Almost all movements require core body strength, so it develops core muscles and benefits internal organs. As with all martial arts, it contains a spiritual element enhanced by classical music.

Many women say they have recovered from heart conditions and skeletal problems after long-term exercise. It also helps treat insomnia.

Zhang Liqin, a 71-year-old retired worker, has practiced Mulan Boxing daily for 20 years. She said she was a virtual invalid but today is completely healthy, as shown by a recent physical exam.

"The 700 or so movements have changed my body and I am grateful to Ying for contributing to the health of elderly people."

Ying, of course, says she doesn't deserve so much credit.

"I don't think I'm the inventor of Mulan Boxing," she says. "This exercise is strongly rooted in Chinese culture and philosophy and emerges naturally."

Practicing Mulan Boxing is a process of conquering the unyielding with the yielding, and controlling movement with silence and stillness, she says. Many movements are gentle, slow and soft but have an inherent strength and vigor. Thus, it represents an essential concept of Oriental philosophy that stresses moderation and balance.

Ying says it's possible to master the basic movements in a month or so, but as with all martial arts, time and effort are required to absorb its essence.

"Students should learn more about profound and diverse Chinese culture and philosophy," she says. "Generally speaking, Southeast Asians who have similar cultural traditions and values learn more quickly. Westerners accustomed to speed-strength sports should try to keep their movements soft and slow."

Tang Man-kit, an American Chinese who has practiced Mulan Boxing since 1996, says she had practiced tai chi in Hong Kong but was drawn to the beauty of Mulan Boxing and came to Shanghai to study.

"After practice, I have hardly caught cold over the past 14 years," Tang says. "Now I teach 70 students this magical exercise in the United States."

Mulan Boxing is expected to become a popular mass sport in China. The recent international competition organized by the Shanghai association attracted 75 teams from China and overseas.

Ying takes satisfaction in her work over the decades, especially when she saw thousands of people practicing Mulan Boxing together on the Bund and the Nanjing Road Pedestrian Mall during the contest.

"We didn't make any profit from the contest. Instead, we spent a lot of money hosting it," Ying says. "But it was all worthwhile if the public can become more aware of the health benefits of this sport."

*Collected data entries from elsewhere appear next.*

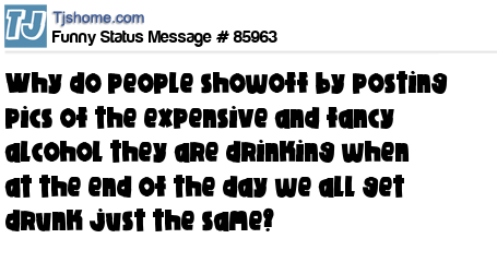 X says Why do people showoff by posting pics of the expensive and fancy alcohol they are drinking when at the end of the day we all get drunk just the same?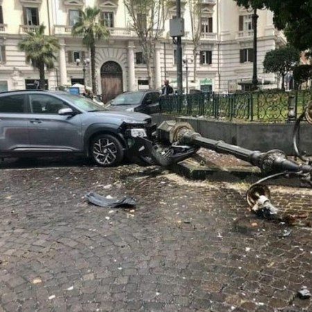 Piazza Vanvitelli, perde il controllo dell’auto e abbatte un palo della luce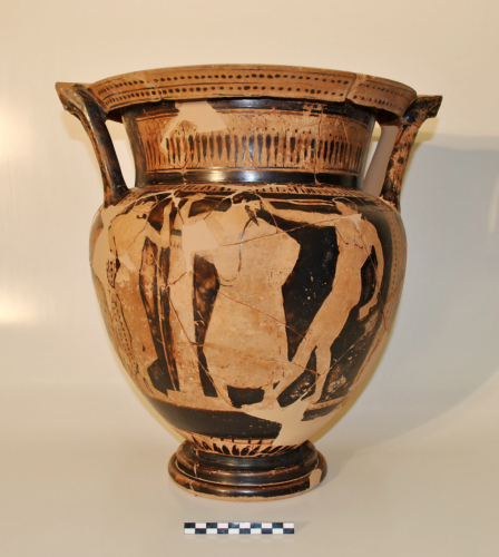 Cratere a colonnette con ampio orlo piatto e labbro pendulo, collo troncoconico rovesciato e distinto dalla spalla breve. Piede svasato e modanato con due tori, cavo all'interno. L'interno del cratere è verniciato con vernice nera, lucida. Sull'orlo, fila di boccioli di loto intrecciati, sulle anse, palmetta tra due volute, sul labbro, tralcio d'edera stilizzato, sul collo, campo riempito con boccioli di loto allungati, intrecciati ed inframezzati da punti, il tutto in vernice nero-bruna, opaca. Sul corpo, due scene figurate inquadrate, sopra, da baccellatura, ai lati, da tralcio d'edera stilizzato e sotto, da linea orizzontale, risparmiata. Al di sopra del piede, corona di raggi. Sul lato A, scena di palestra: all'estremità s., figura maschile nuda stante sulla gamba d. e con la s. piegata all'indietro, rivolta verso d., reggente, con la mano s., un lungo bastone, in posizione verticale; méta-colonna poggiante su un plinto e coronata da kymation; al centro della scena, figura maschile (paidotribes) barbata e panneggiata, stante di tre quarti verso s., con gamba d. piegata in avanti, gamba s. stesa e testa rivolta all'indietro, regge, con la mano d. sollevata e in posizione orizzontale dietro la testa, un bastone con terminazione biforcuta (rabdos); all'estrema d., figura maschile nuda con uno degli halteres nella mano s. abbassata, mentre il braccio d. è proteso in avanti, la figura è in procinto di saltare verso s. Lato B: due figure maschili nude in rapido movimento verso d. si dirigono verso un'altra figura maschile nuda che va loro incontro. L'argilla è di colore nocciola rosata, ingobbiatura di colore arancio pallido, assai consunta, vernice bruna, lucida nelle parti ben conservate, allinterno, spessa vernice bruna opaca.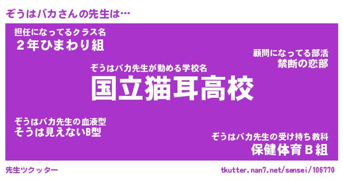 | ヘコむあだ名 | 『ぞうにー』『なまこ酢』『ぞうお』 |

Other Chinese martial arts

In addition to Mulan Boxing, tai chi and Wing Chun (associated with Bruce Lee) martial arts are also popular for fitness and deeply rooted in Chinese culture.

Tai Chi

It is said that tai chi was created by Taoist Master Zhang Sanfeng after witnessing a fight between a snake and a crane.

The name tai chi comes from the ancient cosmological concept of the interplay between two opposite yet complementary forces (yin and yang) as the foundation of creation.

Based on the principle of the soft overcoming the hard, all tai chi movements are performed slowly, with one posture flowing into the next without interruption.

After long-term practice, it is believed to foster the circulation of qi (life force) within the body, benefit the vascular and nervous systems and boost immunity.

Wing Chun

There are many tales about the origins of Wing Chun, a form of self-defense utilizing both striking and grappling while specializing in close-range combat.

One legend involves a young woman Yim Wing Chun (Wing Chun literally means forever springtime) who rebuffed a warlord's offer of marriage - he agrees but only if she can defeat him in martial arts. She then asks a Buddhist nun to teach her boxing - of course, she is victorious.

Martial arts master Yip Man (1893-1972) played an important role in promoting Wing Chun around China.

At the age of 13 Bruce Lee studied martial arts, including Wing Chun, from Yip Man, then went on to develop his own style.

Unlike other martial arts that emphasize attack, Wing Chun deprives the opponent of initiative and provokes him to make mistakes.

Both tai chi and Wing Chun are popular among expats who are interested in kung fu, said Alvin Guo, executive director and chief instructor of Long Wu Kung Fu Center.

"Many of them develop a good grasp of these martial arts and benefit physically," he said.